何: 介入する必要はありませんよ。香港警察だけで香港を統制下に置けます。しかも一般人のふりをして、入り込んでいます。

大事なことは、どんなに圧力をかけても香港の人たちの考えを変えることはできないということです。当局は、若い世代の支持を完全に失っていることに気づいていません。

彼らは残りの4つの要求が実現するまで戦い続けます。今回の運動で、多くの人の心をとらえているのは、若者は遺書を書いているという事実です。自らの命を犠牲にする覚悟でデモに参加しています。

私は若者と共に香港に留まりたいと考えています。香港人の多くの人たちは移民できるほど豊かではありませんし、香港は私にとって「家」です。私はこの場所に愛着がありますので、香港で何が起きたとしても、ここで死にたいと思います。

──この運動の最終的な目標は何でしょうか。

何: 私たちが求めているのは、一国二制度の実現です。そのためには行政長官と立法会議員の普通選挙の実現が必要です。

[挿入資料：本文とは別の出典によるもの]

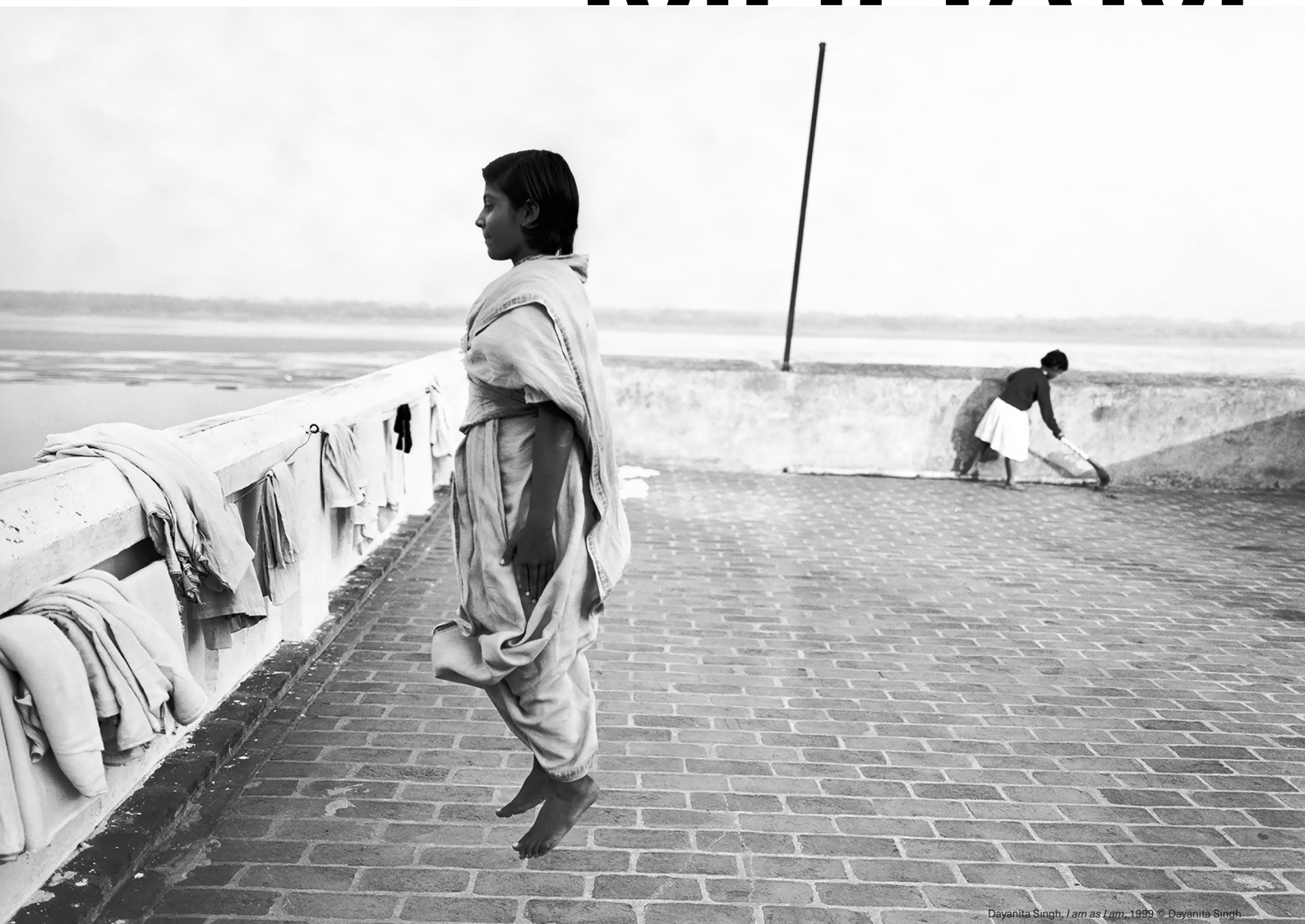
Dayanita Singh, I am as I am , 1999

Dossier de presse Pressedossier Press Kit

現在、行政長官は、北京政府がコントロールする選挙委員の投票で選ばれ、任命は中国政府が行うため、香港の人たちは、自由に行政長官として立候補することもできず、選ばれることもありません。ですから選挙は見せかけにすぎませんし、その「正統性」は、押し付けられたものです。決して受け入れることができません。

──もし普通選挙を香港に認めるとしたら、習近平氏にとって大きな挫折となります。

何: もちろん保守系の人の中には普通選挙の実現は非現実的だと主張する人もいます。

しかし私は、長期的に見た時に、中国も変わらなければならないと信じています。政治改革が行われない限り、長期的な平和と繁栄を享受できる近代国家になることはできない。法の支配や人権が尊重され、三権分立の行われる本物の民主国家にならなければなりません。

中国政府のリーダーたちが考え方のパラダイム・シフトをする必要があるのです。それに、世界が黙っていないでしょう。私は30年間、民主化運動をしてきましたが、この数カ月、驚くようなことをたくさん目にしました。香港だけでなく、中国でも民主化が起きる可能性を秘めた運動になっています。

──あなたは民主主義の価値を強く信じておられます。日本に期待することはありますか。

何: 北京政府に、国際社会の貢献があって初めて香港の成功があると理解するように促してください。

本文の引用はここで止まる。